Base Flipping in Lesion Search and Recognition by the Human Thymine DNA Glycosylase Revealed by Single Molecule Imaging

Abstract

To elucidate the poorly characterized process of damage search before base extrusion by glycosylases in base excision repair (BER), we studied damage detection by the human thymine DNA glycosylase (hTDG) by single molecule atomic force microscopy (AFM) imaging. Our results indicate that TDG exploits the intrinsic flexibility of its target sites as an initial recognition criterion.

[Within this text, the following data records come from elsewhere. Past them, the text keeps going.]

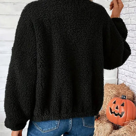 Yuthan Einfarbiger Sherpa-Mantel: Reißverschluss, lange Ärmel, tiefer Ausschnitt
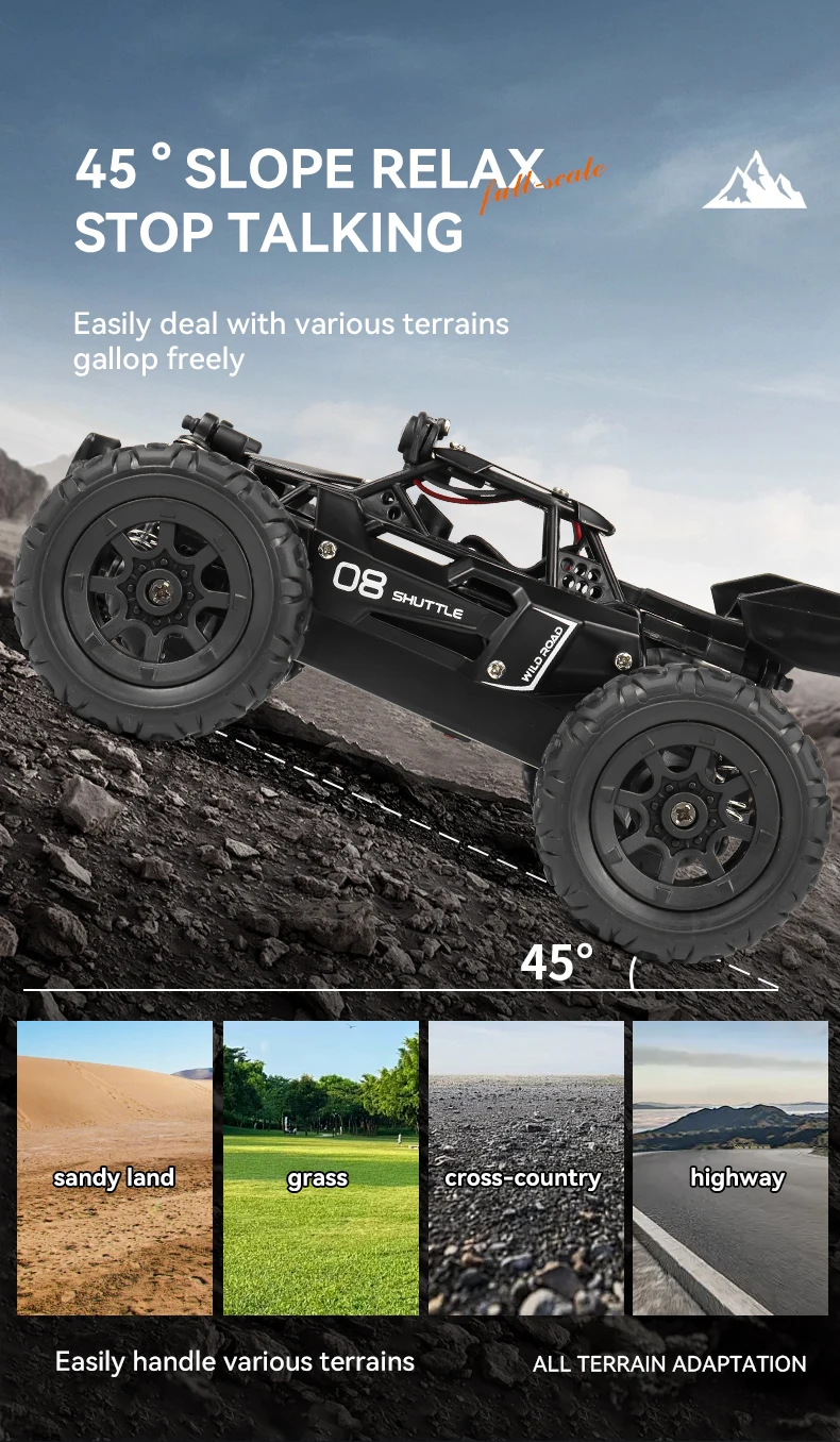 Alloy metal body, spring shock absorbers, and rugged rubber tires for ultimate durability. It easily handles grass, dirt, gravel, and 45°slopes, making it the perfect off-road RC car for outdoor adventures.
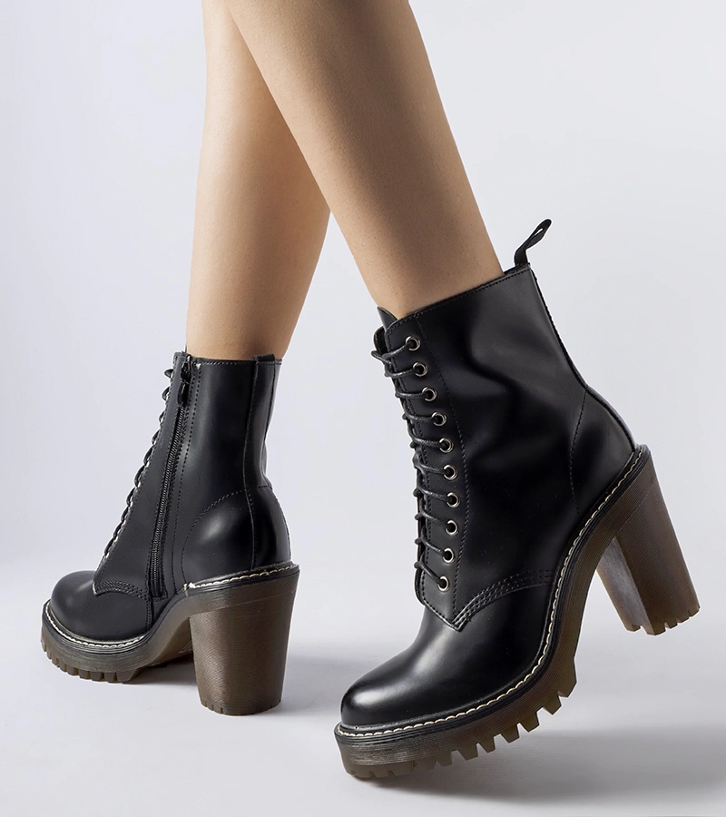 Bocanci negri căptușiți, ornamentați cu șireturi Amla
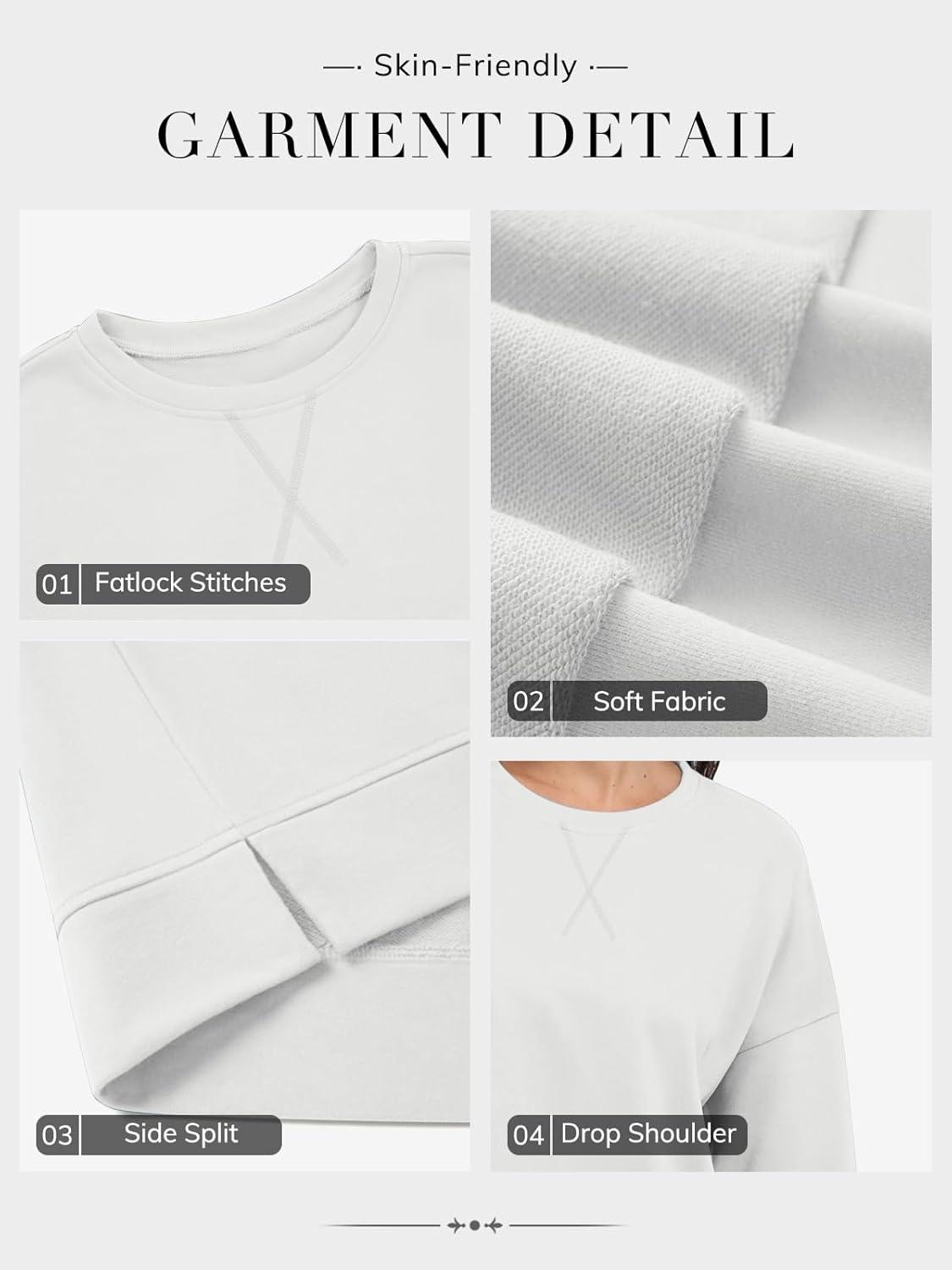 ATHMILE Womens Casual Crew Neck Sweatshirt Loose Soft Long Sleeve Shirts Oversized Pullover Tops Fall Outfits(White)
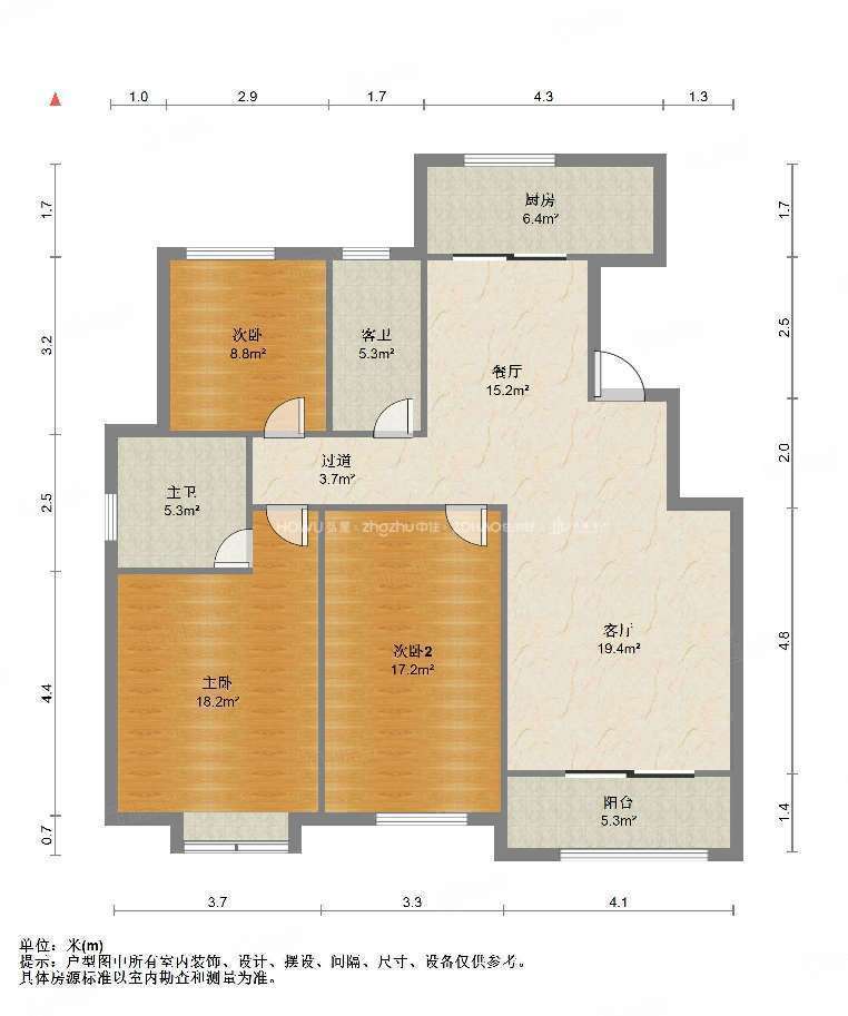 厅室3室2厅2卫1阳台
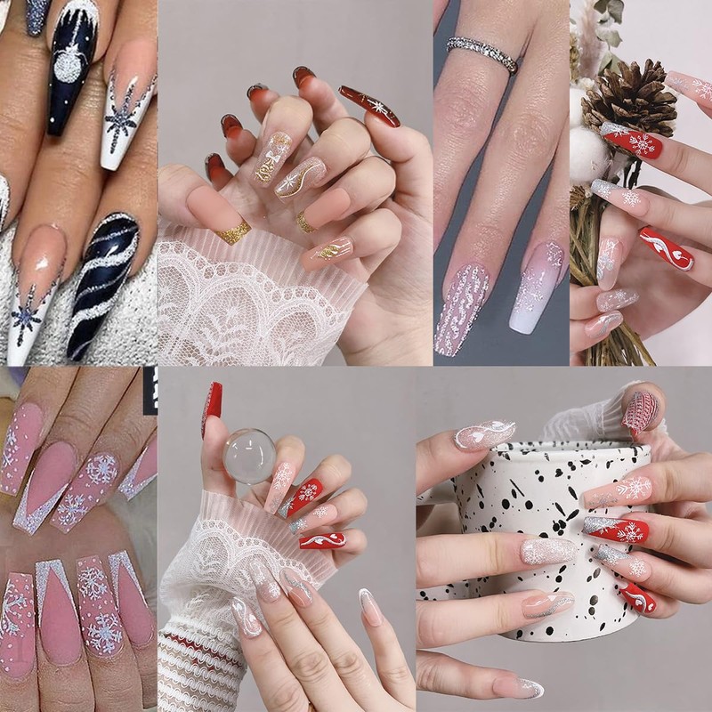 - Unique Nail Sticker Set: You will get 8 sheets gold snowflake nail art stickers for acrylic nails supply, many pattern for you to choose, xmas trees line nail designs, and satisfy your rich imagination of nail diy

Enhanced flexibility likely also directly serves to selectively facilitate extrusion of potential candidate target sites from the DNA duplex for extrahelical base interrogation by TDG. Importantly, our data support an equilibrium between search (slightly bent DNA conformation) and interrogation (flipped base, strongly bent DNA) states during TDG's DNA lesion scanning process, indicating continuous base flipping in lesion search. Our AFM and fluorescence DNA base flipping data indicate stabilization of the extrahelical target base via an arginine finger in the protein, leading to prolonged residence time in the catalytic site and enhanced excision probability. Comparison of our results for hTDG with data on a second glycosylase, hOGG1, which recognizes structurally less flexible DNA lesions, support the generalizability of our proposed lesion search and recognition mechanism to a common strategy employed by BER glycosylases.